"If the map doesn't agree with the ground, the map is wrong." --Gordon Livingston

10/30/2011

Time

There are so many things that I've been learning from all of this. Patience, trust, forgiveness, dependence, faith... etc. But one of the lessons that I did not expect to learn from this has been one of the biggest. And that's about the time we're given.

I've never slowed down before. Not even close to this. Broken bones, pneumonia, concussions, deaths...nothing got me to pause. I was always fighting to fill my time with as much as possible.

Even at Carol's home, I did not wish to waste such a precious commodity, even if I had nothing else I could do but lie still. And when I went home, things were no different.
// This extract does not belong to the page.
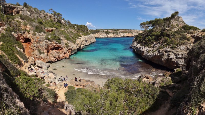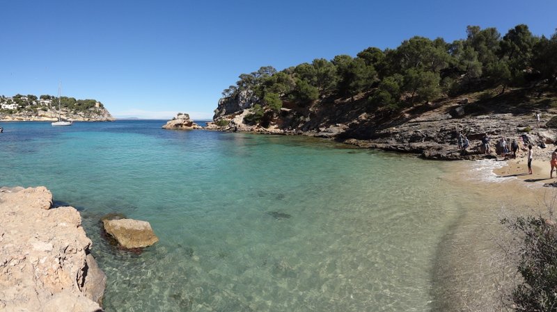 Heute klingelt um 02:30 Uhr der Wecker. Dummerweise ist das genau der Zeitpunkt wo wir starten wollen. Der Wecker war somit falsch gestellt und so müssen wir uns ziemlich beeilen. Trotzdem treffen wir fast pünktlich am Flughafen in Dresden ein. Da wir bereits online eingecheckt hatten geben wir nur noch die Koffer ab und haben immer noch reichlich Zeit bis zum Boarding. Der Flieger landet dann pünktlich in Palma, wo wir nach ca. 30 Minuten Wartezeit unseren Mietwagen bei Goldcar (ein nagelneuer Ford Fiesta) übernehmen. Nach kurzen Einkäufen in den Gewerbegebieten am Flughafen fahren wir zur Finca La Roqueta wo wir wieder unser Quartier gefunden haben. Nachdem wir unser Appartement bezogen haben fahren wir in den Südosten. In S' Horta biegen wir zur Cala Sa Nau ab, wo wir fast schon traditionsgemäß unseren ersten Nachmittag auf der Insel verbringen. Wir genießen nach den langen grauen Tagen in Deutschland den Sonnenschein bei milden Temperaturen. Dann machen wir noch einen kurzen Abstecher nach Cala d'Or, wo wir im Eroski erst einmal ein paar Einkäufe erledigen. Dann geht es noch zur Cala Esmeralda die noch in vorsaisoneller Ruhe daliegt. Wir sind fast allein hier und genießen die Stille und den Sonnenschein. Dann fahren wir retour in unser Quartier La Roqueta. Bei einem Glas Rotwein genießen wir die Abendsonne und lassen den Tag ausklingen. |

I tried keeping up with all my classes and extra things, jumping right back into the fray.

There are some lessons that have an initial lesson, but require time to get the deeper stuff. And I think I've often missed that in my thirsting and hungering for knowledge.

How precious time is has been this deepening lesson for me. I knew time was precious before, that's why I wanted to fill every moment because I've nearly died enough times to know how short it is. But never before did I understand the real worth of it.

Time can equal peace if we allow it to. Not just comfort-based in-the-moment sort of peace, but a real shift in our internal rhythm. Time can be perspective and wisdom if allowed to settle. Where before there were facts, they morph into understanding.

And best of all, is when there's enough time to realize that time can become meaningless if put in the context of God. It took my slowing down to fully begin to understand that He lives outside this dimension, which means that we are with Him now and forever and that time will not change that fact. When I was filling every moment, I suppose I didn't appreciate that He is unchanging no matter what.

Time put into relationships, deepens those too. But if we're too busy filling or wasting time, then we're working on the surface of things or on the breadth of things. I guess this is the sort of thing you learn if you make it to old age. When things slow down you start to discover the worlds underneath. Oh boy. And to think God is unending too. This journey is going to be wonderful.